[Stored items]

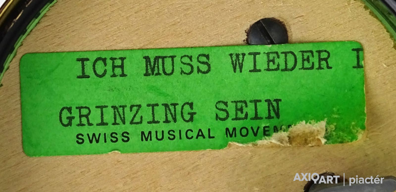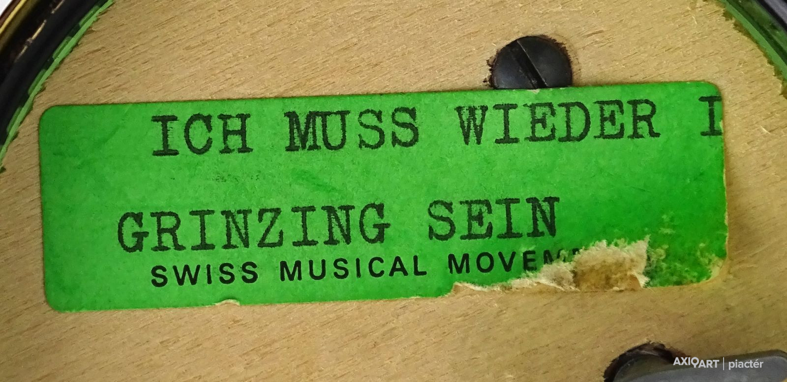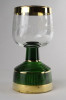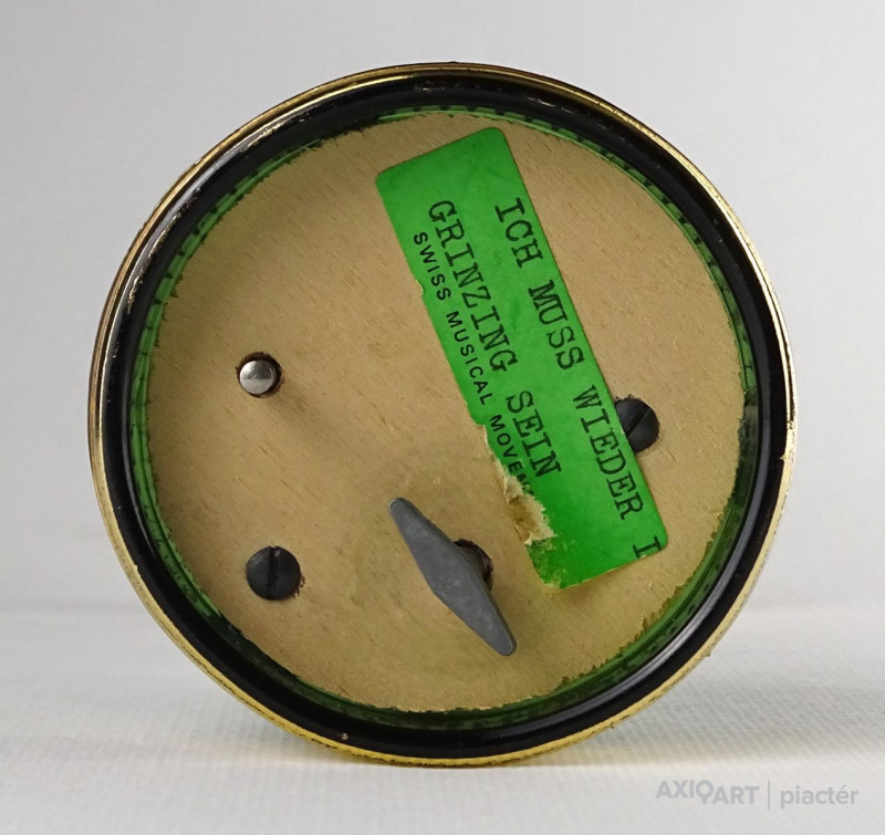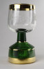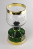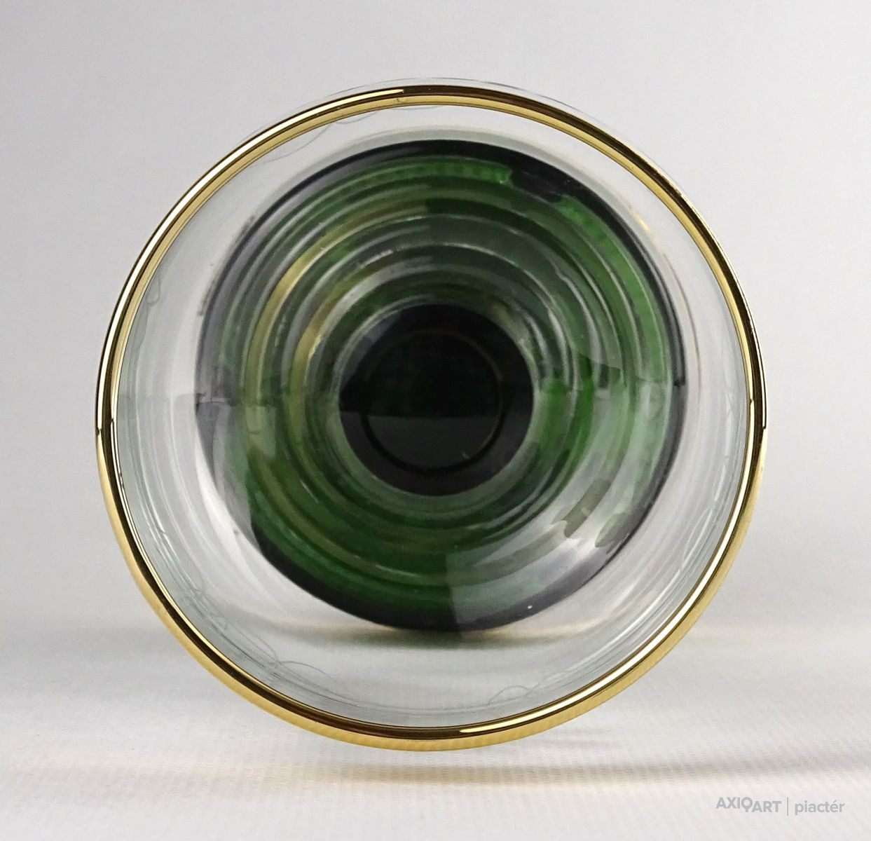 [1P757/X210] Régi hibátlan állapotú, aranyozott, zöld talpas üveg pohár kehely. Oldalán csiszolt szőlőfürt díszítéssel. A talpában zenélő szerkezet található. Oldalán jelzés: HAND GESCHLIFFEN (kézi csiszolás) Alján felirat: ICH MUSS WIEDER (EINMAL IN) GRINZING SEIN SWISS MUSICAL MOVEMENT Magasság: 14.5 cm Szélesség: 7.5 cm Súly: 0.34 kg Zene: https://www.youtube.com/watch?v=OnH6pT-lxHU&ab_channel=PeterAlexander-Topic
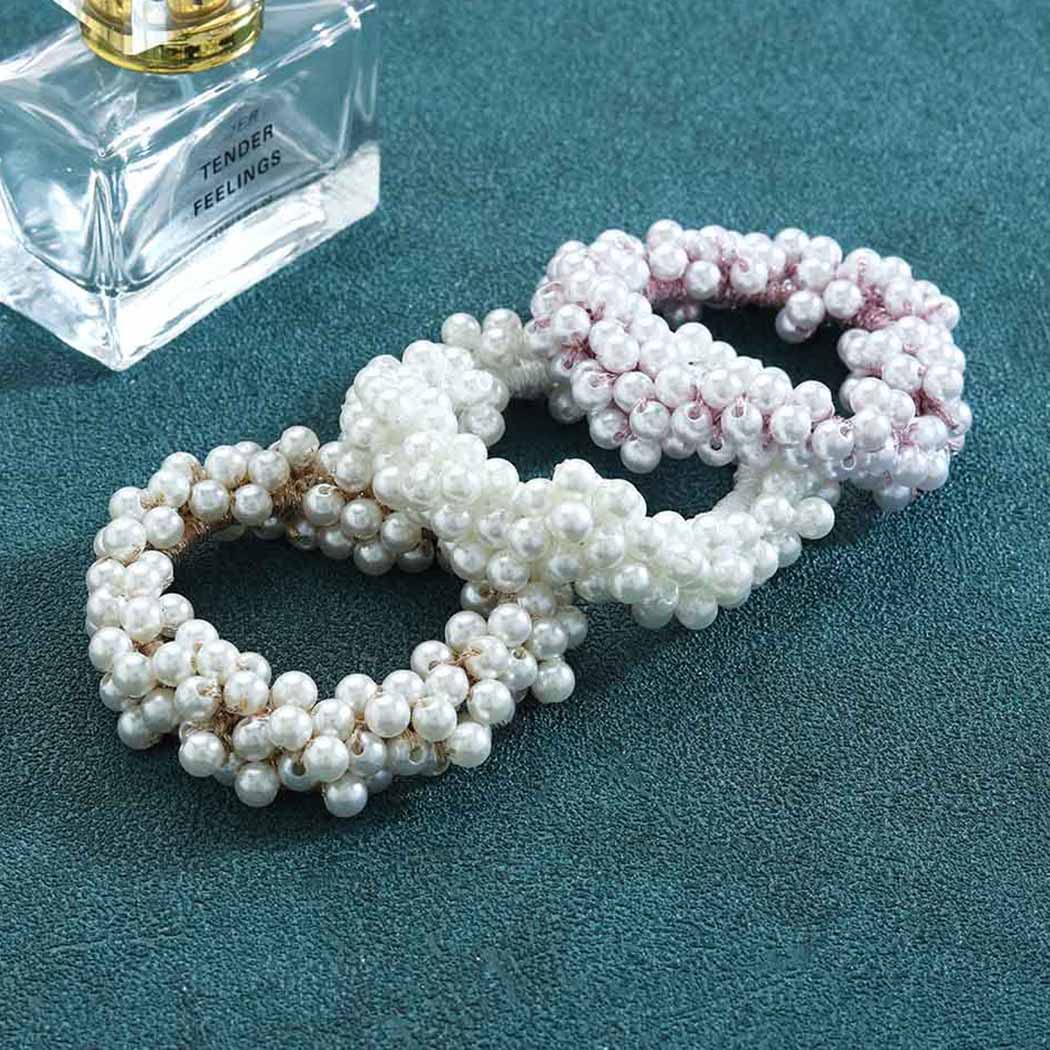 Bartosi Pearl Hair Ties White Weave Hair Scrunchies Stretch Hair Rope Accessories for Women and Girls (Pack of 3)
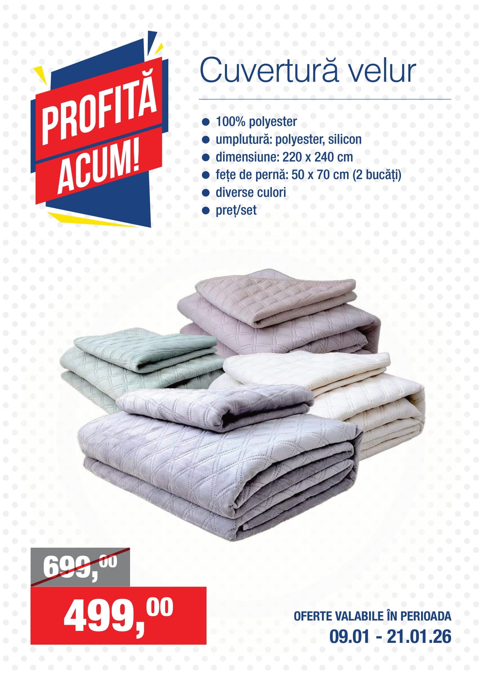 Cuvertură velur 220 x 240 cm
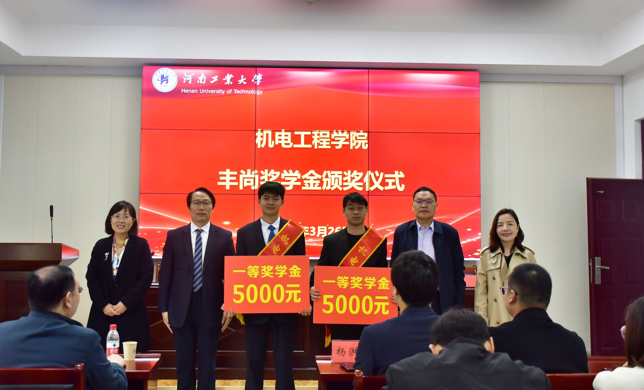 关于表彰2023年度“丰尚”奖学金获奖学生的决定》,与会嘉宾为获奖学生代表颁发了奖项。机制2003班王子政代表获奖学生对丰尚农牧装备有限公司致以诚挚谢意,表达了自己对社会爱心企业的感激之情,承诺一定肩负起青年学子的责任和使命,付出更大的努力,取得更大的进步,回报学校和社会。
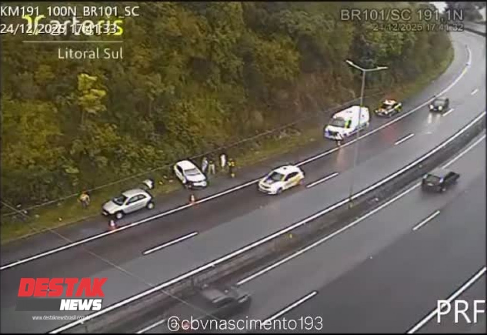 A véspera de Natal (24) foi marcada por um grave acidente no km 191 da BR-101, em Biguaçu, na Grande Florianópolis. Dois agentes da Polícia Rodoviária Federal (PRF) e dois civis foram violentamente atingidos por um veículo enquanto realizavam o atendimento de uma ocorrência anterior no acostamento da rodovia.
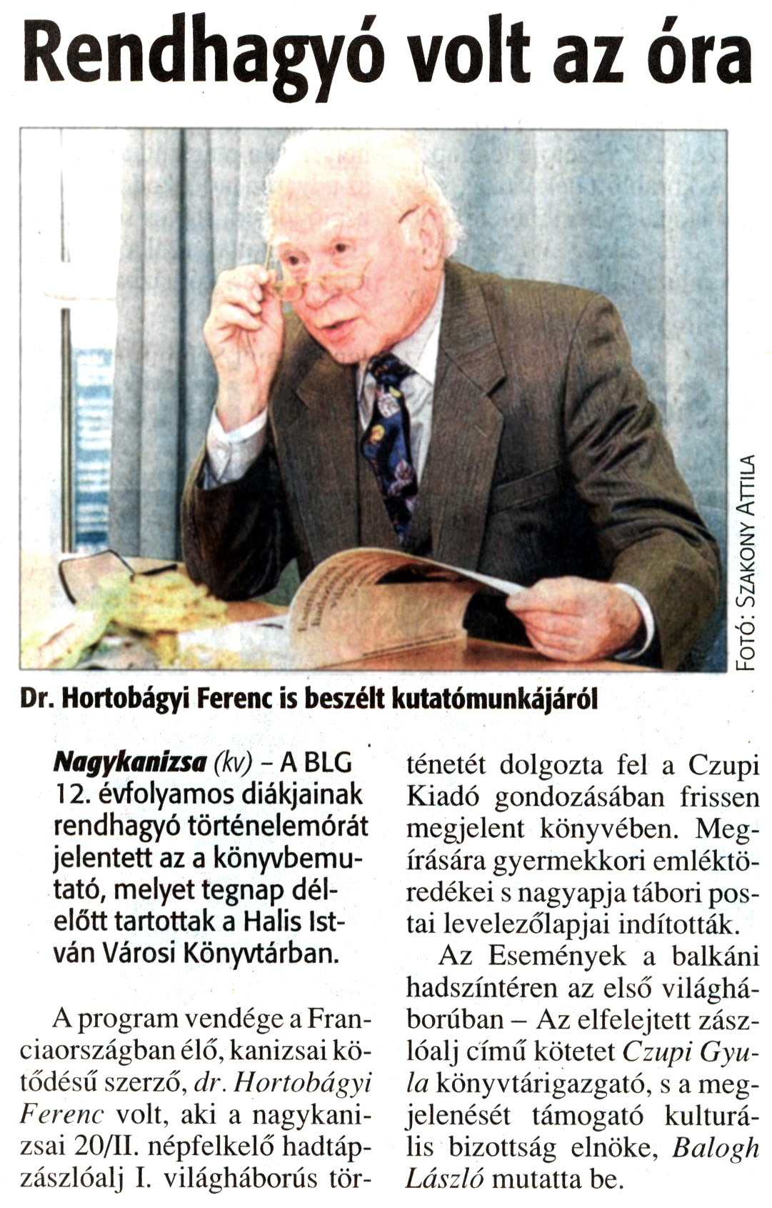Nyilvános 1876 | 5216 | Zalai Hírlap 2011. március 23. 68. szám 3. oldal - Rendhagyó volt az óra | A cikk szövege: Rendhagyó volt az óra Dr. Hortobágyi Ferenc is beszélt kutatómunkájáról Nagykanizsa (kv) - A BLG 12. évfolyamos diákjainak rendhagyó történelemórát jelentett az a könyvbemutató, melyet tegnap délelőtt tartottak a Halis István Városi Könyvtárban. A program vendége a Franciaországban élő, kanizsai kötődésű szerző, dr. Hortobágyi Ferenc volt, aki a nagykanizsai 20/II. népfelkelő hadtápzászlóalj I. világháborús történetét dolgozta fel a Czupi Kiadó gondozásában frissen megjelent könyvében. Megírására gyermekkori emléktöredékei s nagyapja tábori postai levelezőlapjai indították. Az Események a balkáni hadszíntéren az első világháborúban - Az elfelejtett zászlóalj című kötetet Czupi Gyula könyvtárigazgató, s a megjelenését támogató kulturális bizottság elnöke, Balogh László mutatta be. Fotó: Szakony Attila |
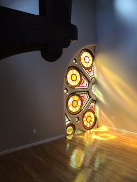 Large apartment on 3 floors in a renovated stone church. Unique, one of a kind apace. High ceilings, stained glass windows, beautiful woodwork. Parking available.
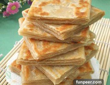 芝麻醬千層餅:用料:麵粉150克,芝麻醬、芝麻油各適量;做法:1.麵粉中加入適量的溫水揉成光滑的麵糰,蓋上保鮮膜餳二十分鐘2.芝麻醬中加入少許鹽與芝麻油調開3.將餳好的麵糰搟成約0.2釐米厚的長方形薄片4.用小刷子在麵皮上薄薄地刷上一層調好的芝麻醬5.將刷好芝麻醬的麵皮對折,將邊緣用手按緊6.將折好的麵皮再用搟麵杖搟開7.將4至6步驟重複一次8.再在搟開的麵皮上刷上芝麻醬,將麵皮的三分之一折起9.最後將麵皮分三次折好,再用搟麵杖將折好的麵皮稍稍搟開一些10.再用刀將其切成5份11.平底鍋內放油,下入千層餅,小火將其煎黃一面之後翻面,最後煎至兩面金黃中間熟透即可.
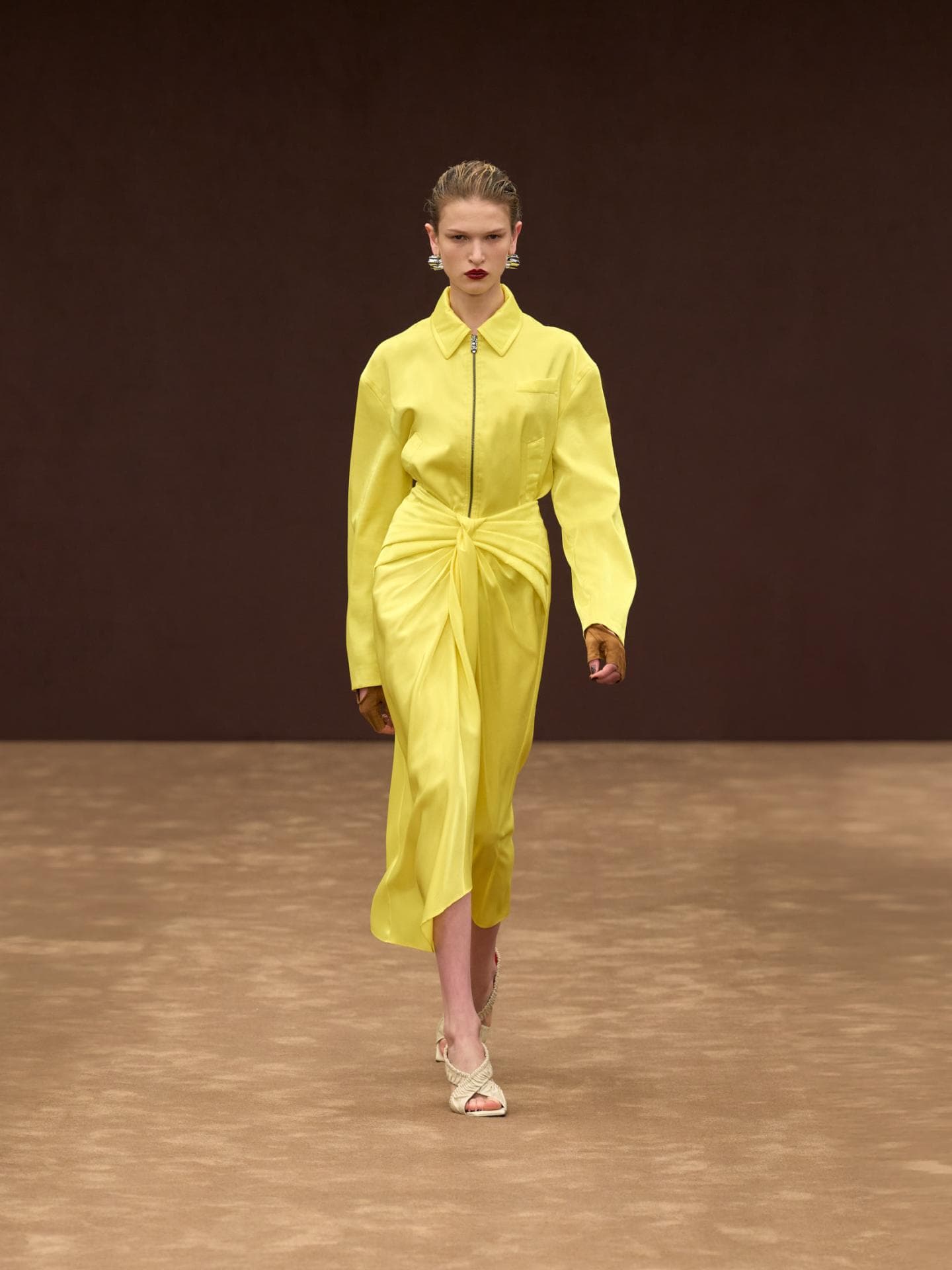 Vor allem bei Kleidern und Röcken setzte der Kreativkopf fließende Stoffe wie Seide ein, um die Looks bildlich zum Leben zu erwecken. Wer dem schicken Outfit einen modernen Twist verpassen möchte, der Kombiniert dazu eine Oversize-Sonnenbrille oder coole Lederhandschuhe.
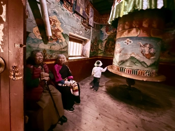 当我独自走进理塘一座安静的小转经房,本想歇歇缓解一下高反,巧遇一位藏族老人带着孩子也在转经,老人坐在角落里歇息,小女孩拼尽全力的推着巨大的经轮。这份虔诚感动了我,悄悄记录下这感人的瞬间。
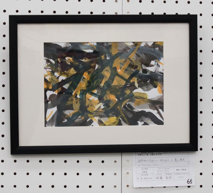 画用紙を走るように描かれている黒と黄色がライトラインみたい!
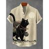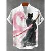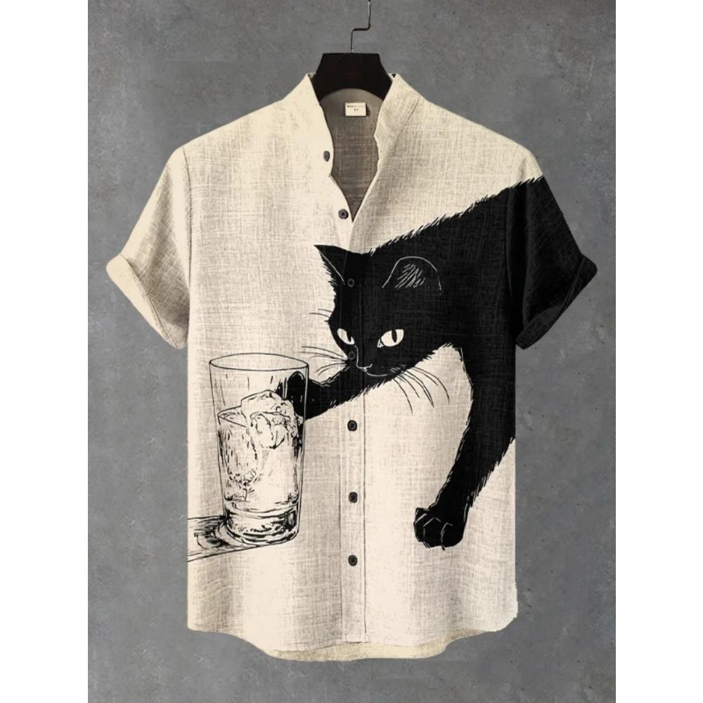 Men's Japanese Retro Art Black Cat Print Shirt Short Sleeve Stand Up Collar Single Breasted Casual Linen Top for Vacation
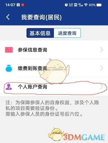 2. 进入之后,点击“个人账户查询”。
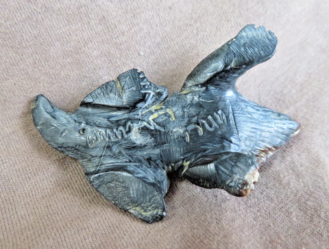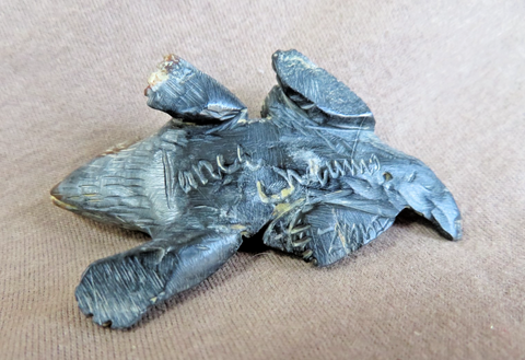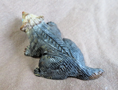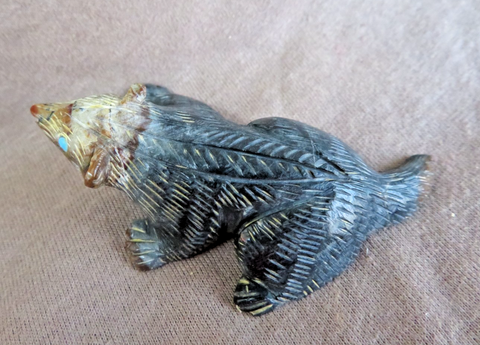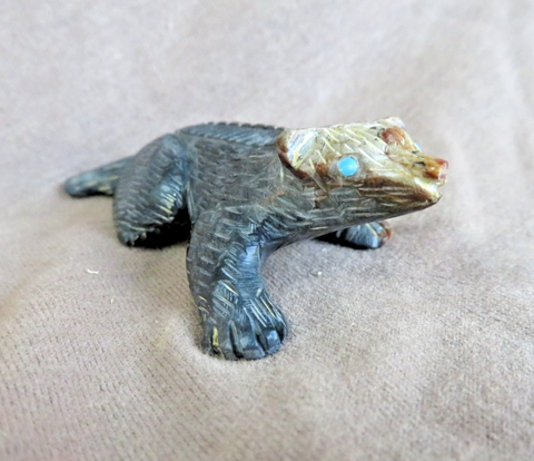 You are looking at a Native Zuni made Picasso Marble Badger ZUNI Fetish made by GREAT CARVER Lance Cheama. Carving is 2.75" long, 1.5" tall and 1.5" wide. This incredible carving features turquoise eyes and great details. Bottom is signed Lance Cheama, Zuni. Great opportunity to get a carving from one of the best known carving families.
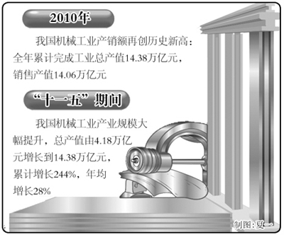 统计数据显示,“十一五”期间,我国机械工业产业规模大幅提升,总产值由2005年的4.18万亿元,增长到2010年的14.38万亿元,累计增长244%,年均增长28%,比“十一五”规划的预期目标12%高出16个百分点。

To do. Retype the data word for word and keep the pictures out of it.

Exercise solution.
 [1P757/X210] Régi hibátlan állapotú, aranyozott, zöld talpas üveg pohár kehely. Oldalán csiszolt szőlőfürt díszítéssel. A talpában zenélő szerkezet található. Oldalán jelzés: HAND GESCHLIFFEN (kézi csiszolás) Alján felirat: ICH MUSS WIEDER (EINMAL IN) GRINZING SEIN SWISS MUSICAL MOVEMENT Magasság: 14.5 cm Szélesség: 7.5 cm Súly: 0.34 kg Zene: https://www.youtube.com/watch?v=OnH6pT-lxHU&ab_channel=PeterAlexander-Topic
 Bartosi Pearl Hair Ties White Weave Hair Scrunchies Stretch Hair Rope Accessories for Women and Girls (Pack of 3)
 Cuvertură velur 220 x 240 cm
 关于表彰2023年度“丰尚”奖学金获奖学生的决定》,与会嘉宾为获奖学生代表颁发了奖项。机制2003班王子政代表获奖学生对丰尚农牧装备有限公司致以诚挚谢意,表达了自己对社会爱心企业的感激之情,承诺一定肩负起青年学子的责任和使命,付出更大的努力,取得更大的进步,回报学校和社会。
 A véspera de Natal (24) foi marcada por um grave acidente no km 191 da BR-101, em Biguaçu, na Grande Florianópolis. Dois agentes da Polícia Rodoviária Federal (PRF) e dois civis foram violentamente atingidos por um veículo enquanto realizavam o atendimento de uma ocorrência anterior no acostamento da rodovia.
Nyilvános 1876 | 5216 | Zalai Hírlap 2011. március 23. 68. szám 3. oldal - Rendhagyó volt az óra | A cikk szövege: Rendhagyó volt az óra Dr. Hortobágyi Ferenc is beszélt kutatómunkájáról Nagykanizsa (kv) - A BLG 12. évfolyamos diákjainak rendhagyó történelemórát jelentett az a könyvbemutató, melyet tegnap délelőtt tartottak a Halis István Városi Könyvtárban. A program vendége a Franciaországban élő, kanizsai kötődésű szerző, dr. Hortobágyi Ferenc volt, aki a nagykanizsai 20/II. népfelkelő hadtápzászlóalj I. világháborús történetét dolgozta fel a Czupi Kiadó gondozásában frissen megjelent könyvében. Megírására gyermekkori emléktöredékei s nagyapja tábori postai levelezőlapjai indították. Az Események a balkáni hadszíntéren az első világháborúban - Az elfelejtett zászlóalj című kötetet Czupi Gyula könyvtárigazgató, s a megjelenését támogató kulturális bizottság elnöke, Balogh László mutatta be. Fotó: Szakony Attila |
 Large apartment on 3 floors in a renovated stone church. Unique, one of a kind apace. High ceilings, stained glass windows, beautiful woodwork. Parking available.
 芝麻醬千層餅:用料:麵粉150克,芝麻醬、芝麻油各適量;做法:1.麵粉中加入適量的溫水揉成光滑的麵糰,蓋上保鮮膜餳二十分鐘2.芝麻醬中加入少許鹽與芝麻油調開3.將餳好的麵糰搟成約0.2釐米厚的長方形薄片4.用小刷子在麵皮上薄薄地刷上一層調好的芝麻醬5.將刷好芝麻醬的麵皮對折,將邊緣用手按緊6.將折好的麵皮再用搟麵杖搟開7.將4至6步驟重複一次8.再在搟開的麵皮上刷上芝麻醬,將麵皮的三分之一折起9.最後將麵皮分三次折好,再用搟麵杖將折好的麵皮稍稍搟開一些10.再用刀將其切成5份11.平底鍋內放油,下入千層餅,小火將其煎黃一面之後翻面,最後煎至兩面金黃中間熟透即可.
 Vor allem bei Kleidern und Röcken setzte der Kreativkopf fließende Stoffe wie Seide ein, um die Looks bildlich zum Leben zu erwecken. Wer dem schicken Outfit einen modernen Twist verpassen möchte, der Kombiniert dazu eine Oversize-Sonnenbrille oder coole Lederhandschuhe.
 当我独自走进理塘一座安静的小转经房,本想歇歇缓解一下高反,巧遇一位藏族老人带着孩子也在转经,老人坐在角落里歇息,小女孩拼尽全力的推着巨大的经轮。这份虔诚感动了我,悄悄记录下这感人的瞬间。
 画用紙を走るように描かれている黒と黄色がライトラインみたい!
 Men's Japanese Retro Art Black Cat Print Shirt Short Sleeve Stand Up Collar Single Breasted Casual Linen Top for Vacation
 2. 进入之后,点击“个人账户查询”。
 You are looking at a Native Zuni made Picasso Marble Badger ZUNI Fetish made by GREAT CARVER Lance Cheama. Carving is 2.75" long, 1.5" tall and 1.5" wide. This incredible carving features turquoise eyes and great details. Bottom is signed Lance Cheama, Zuni. Great opportunity to get a carving from one of the best known carving families.
 统计数据显示,“十一五”期间,我国机械工业产业规模大幅提升,总产值由2005年的4.18万亿元,增长到2010年的14.38万亿元,累计增长244%,年均增长28%,比“十一五”规划的预期目标12%高出16个百分点。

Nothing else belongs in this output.